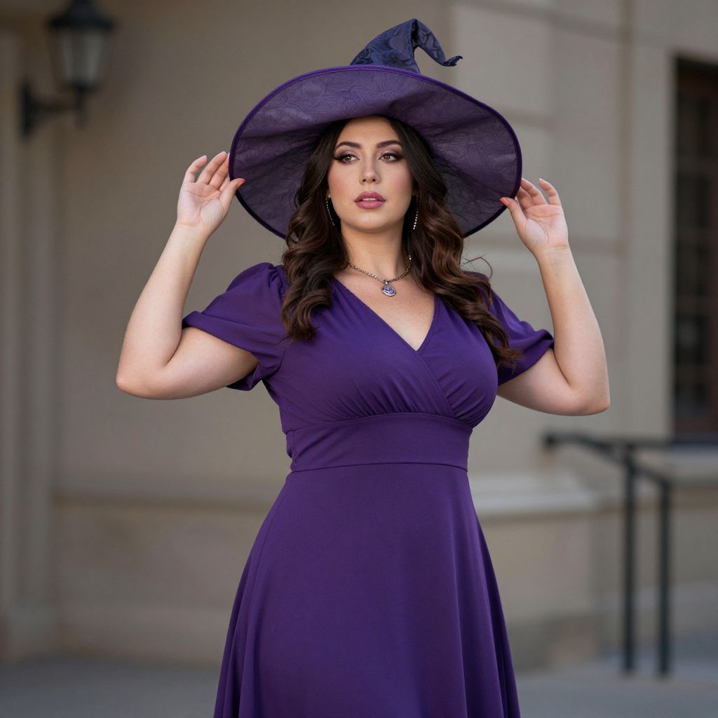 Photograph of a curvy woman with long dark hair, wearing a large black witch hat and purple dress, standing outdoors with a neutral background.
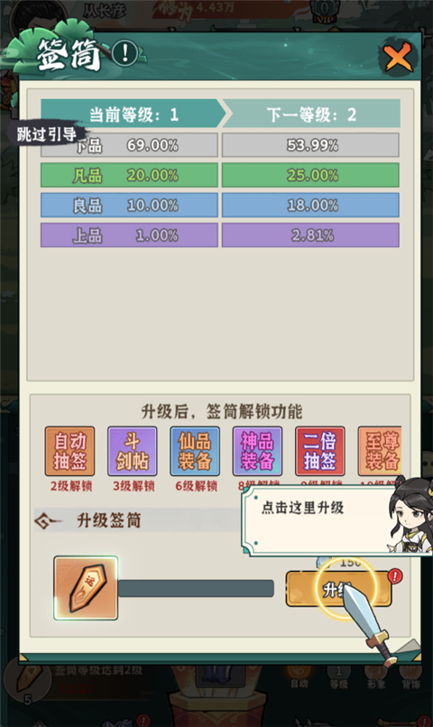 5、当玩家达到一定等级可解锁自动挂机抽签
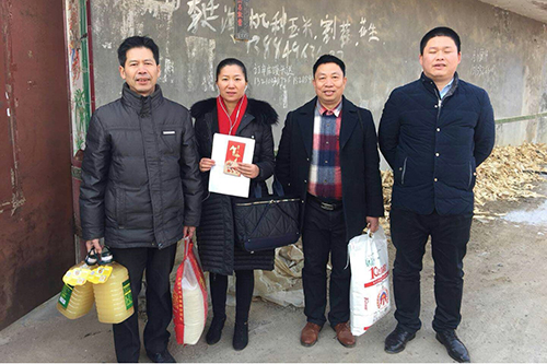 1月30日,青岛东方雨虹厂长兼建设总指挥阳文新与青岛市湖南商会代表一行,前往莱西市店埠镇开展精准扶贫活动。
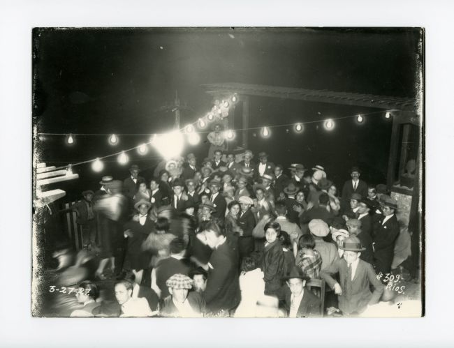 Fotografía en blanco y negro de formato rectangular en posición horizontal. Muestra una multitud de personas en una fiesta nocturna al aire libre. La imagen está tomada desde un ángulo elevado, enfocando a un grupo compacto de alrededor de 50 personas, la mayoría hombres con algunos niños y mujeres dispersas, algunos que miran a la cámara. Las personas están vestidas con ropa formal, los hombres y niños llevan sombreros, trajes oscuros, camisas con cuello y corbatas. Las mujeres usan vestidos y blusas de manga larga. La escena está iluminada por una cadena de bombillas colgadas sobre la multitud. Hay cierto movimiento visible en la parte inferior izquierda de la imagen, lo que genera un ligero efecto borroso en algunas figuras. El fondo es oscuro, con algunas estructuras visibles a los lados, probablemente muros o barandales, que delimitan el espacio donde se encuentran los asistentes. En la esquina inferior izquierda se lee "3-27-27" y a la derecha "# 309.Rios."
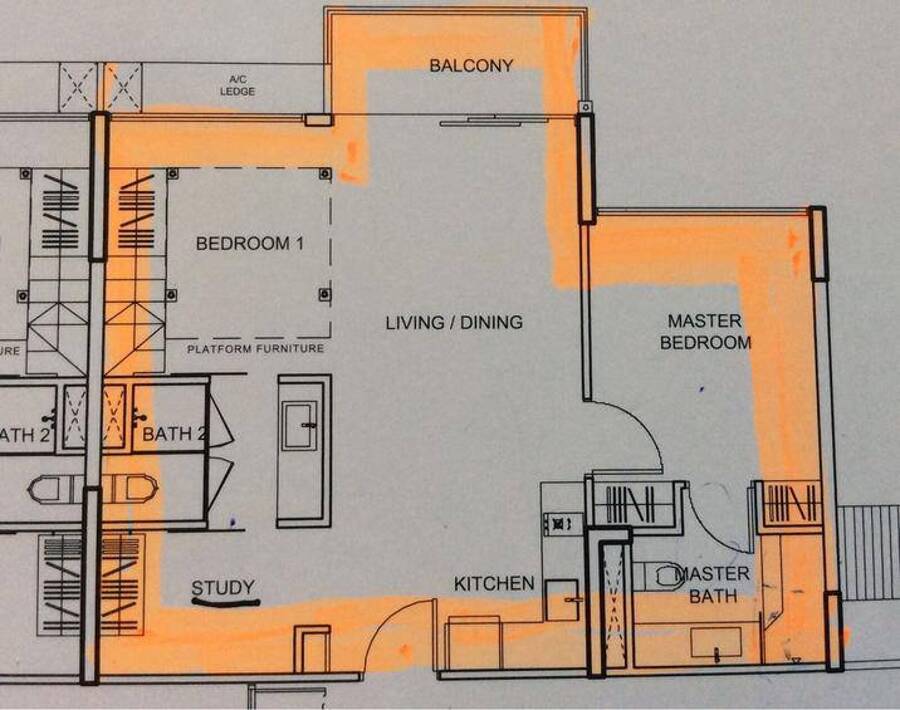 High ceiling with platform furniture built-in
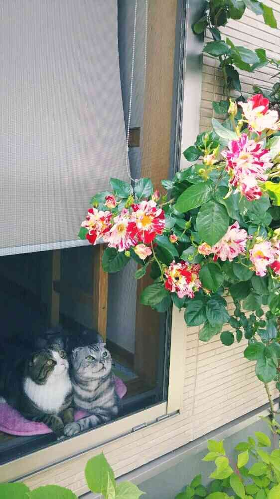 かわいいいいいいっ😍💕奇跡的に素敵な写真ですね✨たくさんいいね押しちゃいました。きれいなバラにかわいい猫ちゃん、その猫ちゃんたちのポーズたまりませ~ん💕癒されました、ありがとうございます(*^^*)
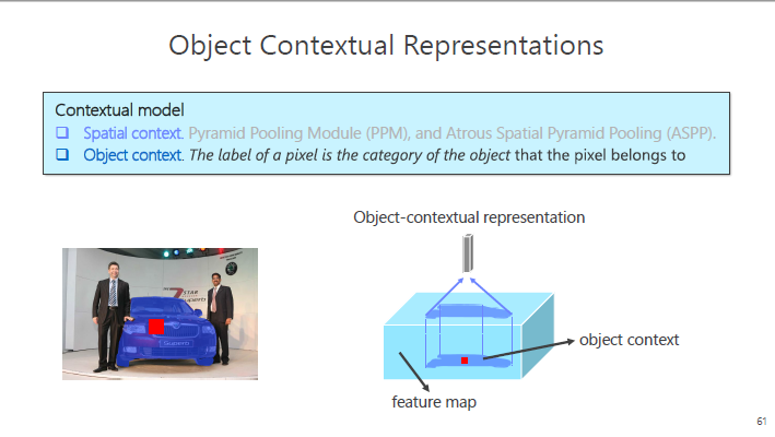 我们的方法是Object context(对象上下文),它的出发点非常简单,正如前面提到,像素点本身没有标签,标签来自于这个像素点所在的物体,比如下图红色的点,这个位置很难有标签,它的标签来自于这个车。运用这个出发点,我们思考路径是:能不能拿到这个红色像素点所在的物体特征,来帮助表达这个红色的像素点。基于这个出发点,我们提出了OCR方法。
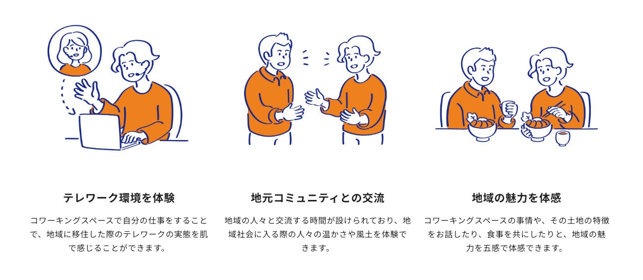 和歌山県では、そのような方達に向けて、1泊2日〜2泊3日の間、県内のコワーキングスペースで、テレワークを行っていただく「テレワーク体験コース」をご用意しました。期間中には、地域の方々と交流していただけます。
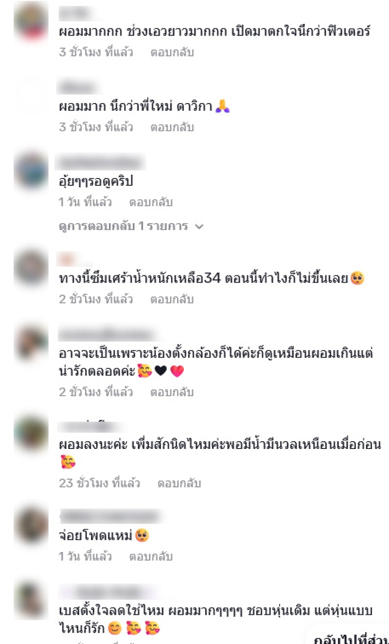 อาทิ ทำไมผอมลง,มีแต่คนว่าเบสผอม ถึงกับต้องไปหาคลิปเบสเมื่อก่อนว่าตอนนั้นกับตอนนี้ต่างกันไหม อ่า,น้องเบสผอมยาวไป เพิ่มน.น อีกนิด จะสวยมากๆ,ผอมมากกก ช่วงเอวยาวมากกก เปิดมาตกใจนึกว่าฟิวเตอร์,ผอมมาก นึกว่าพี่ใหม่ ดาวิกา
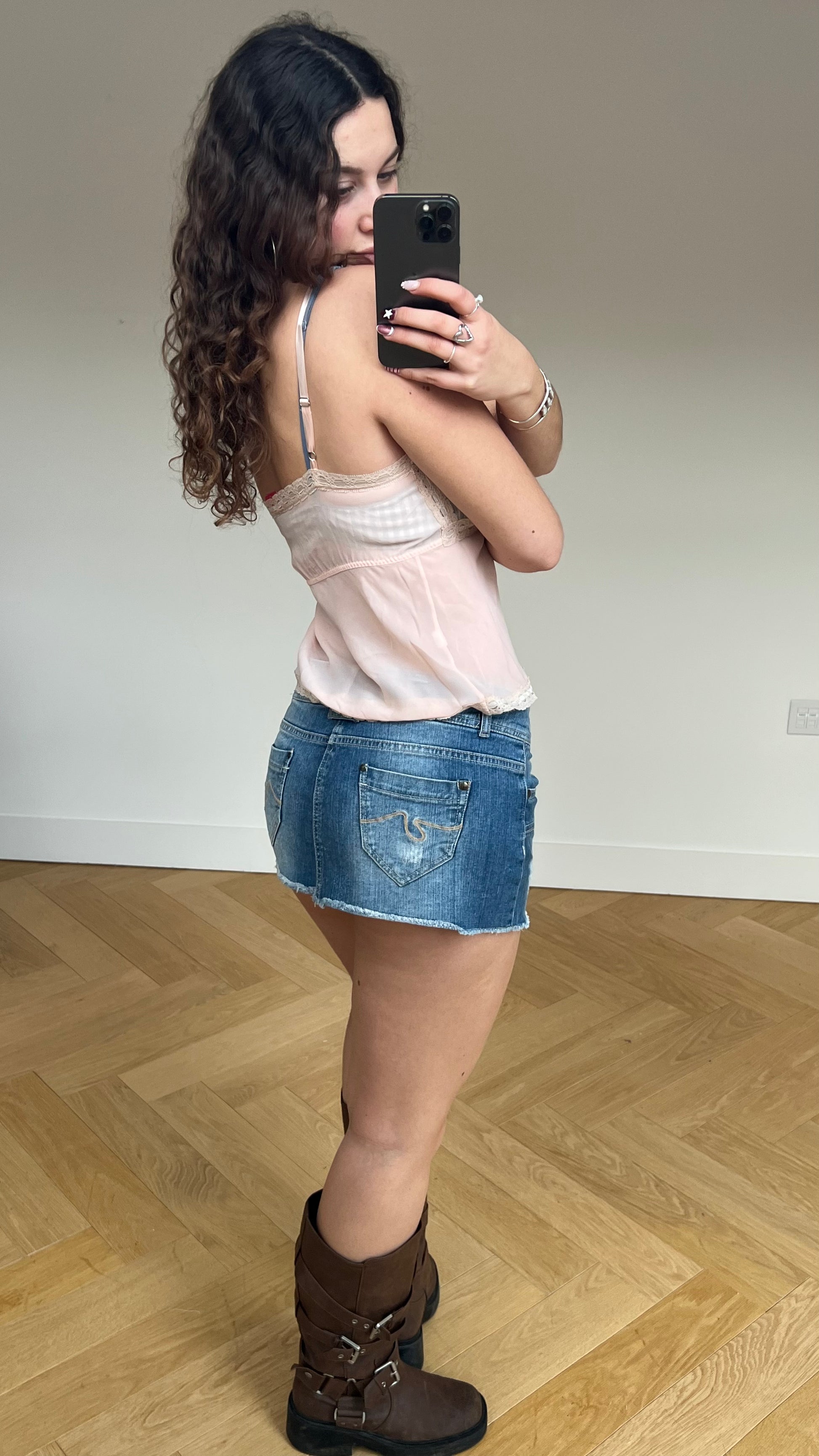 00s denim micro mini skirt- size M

■ ■ ■

» What is needed
An exact copy is needed of only the lines from the top of the material through the line with "和歌山県では、そのような方達"; no pictures belong in it.

» Expected output
 Photograph of a curvy woman with long dark hair, wearing a large black witch hat and purple dress, standing outdoors with a neutral background.
 5、当玩家达到一定等级可解锁自动挂机抽签
 1月30日,青岛东方雨虹厂长兼建设总指挥阳文新与青岛市湖南商会代表一行,前往莱西市店埠镇开展精准扶贫活动。
 Fotografía en blanco y negro de formato rectangular en posición horizontal. Muestra una multitud de personas en una fiesta nocturna al aire libre. La imagen está tomada desde un ángulo elevado, enfocando a un grupo compacto de alrededor de 50 personas, la mayoría hombres con algunos niños y mujeres dispersas, algunos que miran a la cámara. Las personas están vestidas con ropa formal, los hombres y niños llevan sombreros, trajes oscuros, camisas con cuello y corbatas. Las mujeres usan vestidos y blusas de manga larga. La escena está iluminada por una cadena de bombillas colgadas sobre la multitud. Hay cierto movimiento visible en la parte inferior izquierda de la imagen, lo que genera un ligero efecto borroso en algunas figuras. El fondo es oscuro, con algunas estructuras visibles a los lados, probablemente muros o barandales, que delimitan el espacio donde se encuentran los asistentes. En la esquina inferior izquierda se lee "3-27-27" y a la derecha "# 309.Rios."
 High ceiling with platform furniture built-in
 かわいいいいいいっ😍💕奇跡的に素敵な写真ですね✨たくさんいいね押しちゃいました。きれいなバラにかわいい猫ちゃん、その猫ちゃんたちのポーズたまりませ~ん💕癒されました、ありがとうございます(*^^*)
 我们的方法是Object context(对象上下文),它的出发点非常简单,正如前面提到,像素点本身没有标签,标签来自于这个像素点所在的物体,比如下图红色的点,这个位置很难有标签,它的标签来自于这个车。运用这个出发点,我们思考路径是:能不能拿到这个红色像素点所在的物体特征,来帮助表达这个红色的像素点。基于这个出发点,我们提出了OCR方法。
 和歌山県では、そのような方達に向けて、1泊2日〜2泊3日の間、県内のコワーキングスペースで、テレワークを行っていただく「テレワーク体験コース」をご用意しました。期間中には、地域の方々と交流していただけます。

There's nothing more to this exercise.